This will be a plugin (somewhere) that controls Flux bursting. 🧋️

## Frequently Asked Questions

> What is a burst?

A traditional burst means extening some local Flux Cluster with a remote. That "remote" can actually be:

- a cloud cluster (existing or not)
- a second cluster
- a mocked cluster

The main idea is that the main Flux Cluster is not just creating additional resources, but connecting
the local broker to the new external one.
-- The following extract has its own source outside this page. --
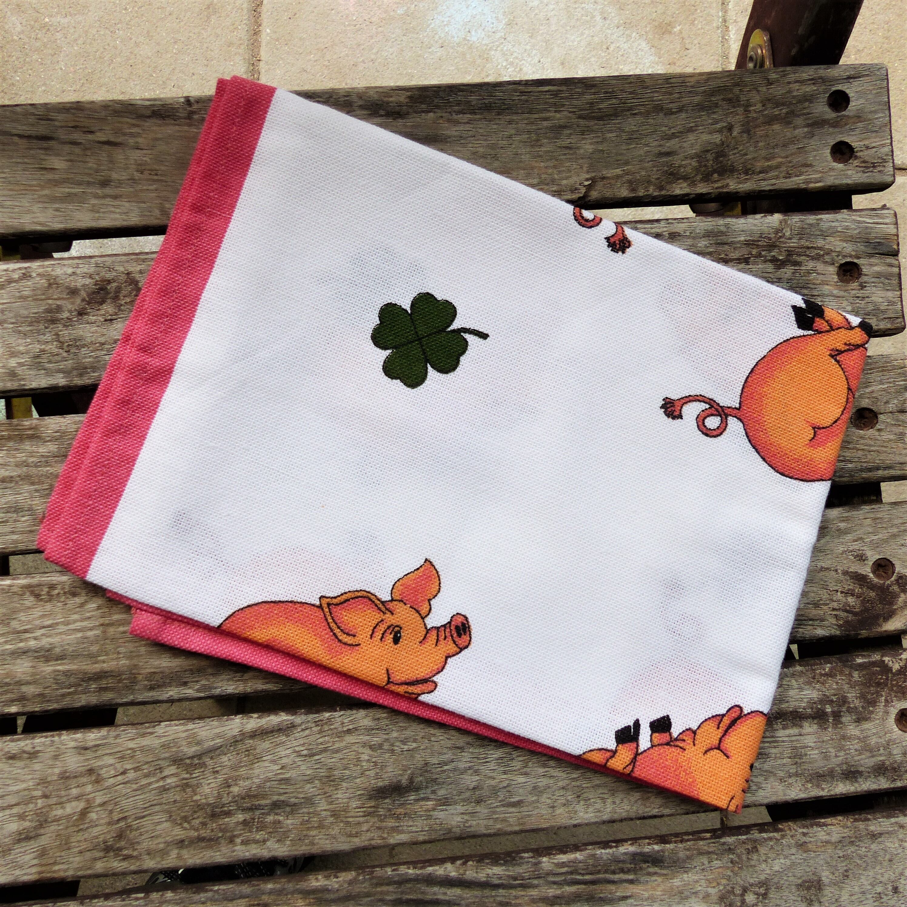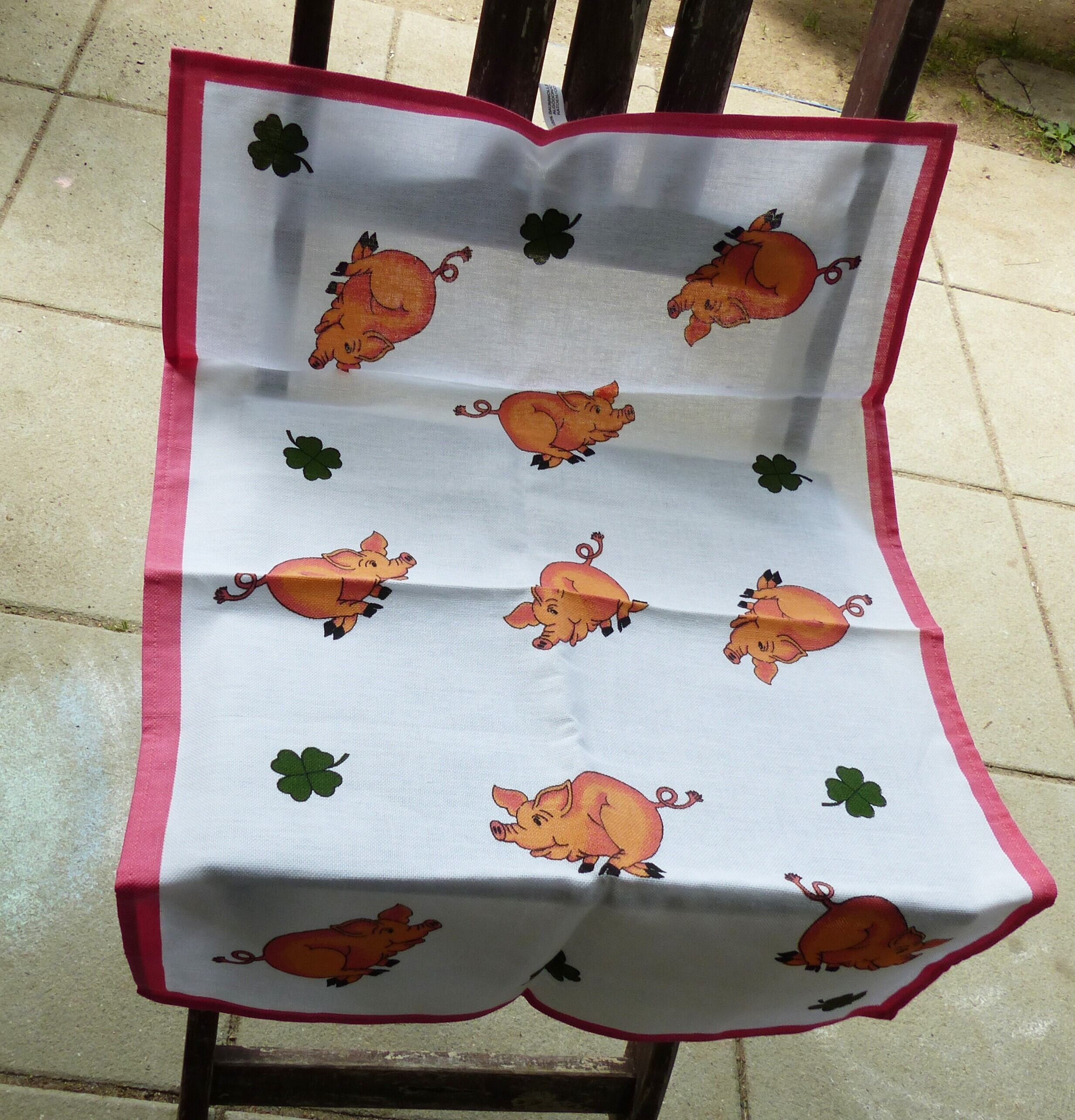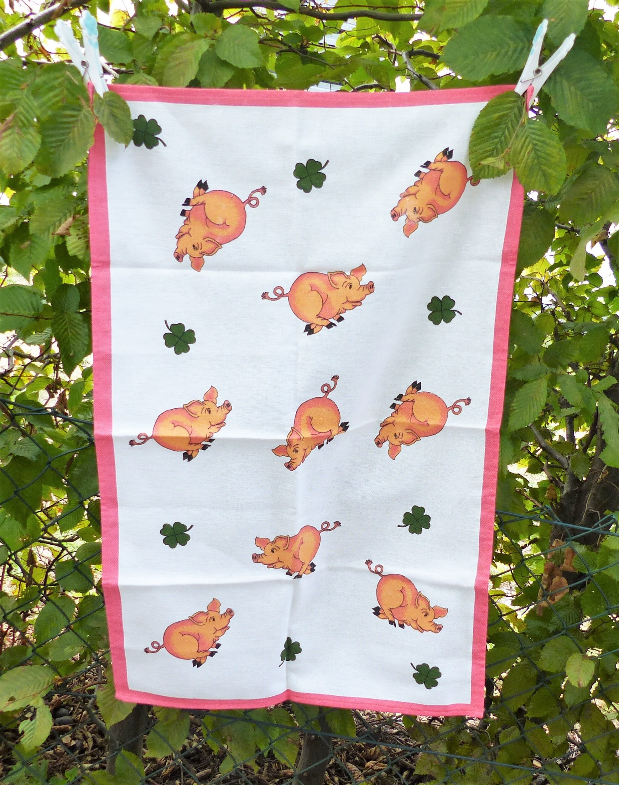 幸せを運んでくれる豚と幸運のクローバーのプリント

This is different from what we might consider an isolated
burst, where a first cluster creates an entirely new second cluster.

> How does the design here work?

This library uses a plugin architecture, meaning that if you want to add a new kind of burstable,
you do so by way of writing a plugin. Instructions for writing a plugin are included below.

## Usage

### Tutorial

For this tutorial you will need Docker installer.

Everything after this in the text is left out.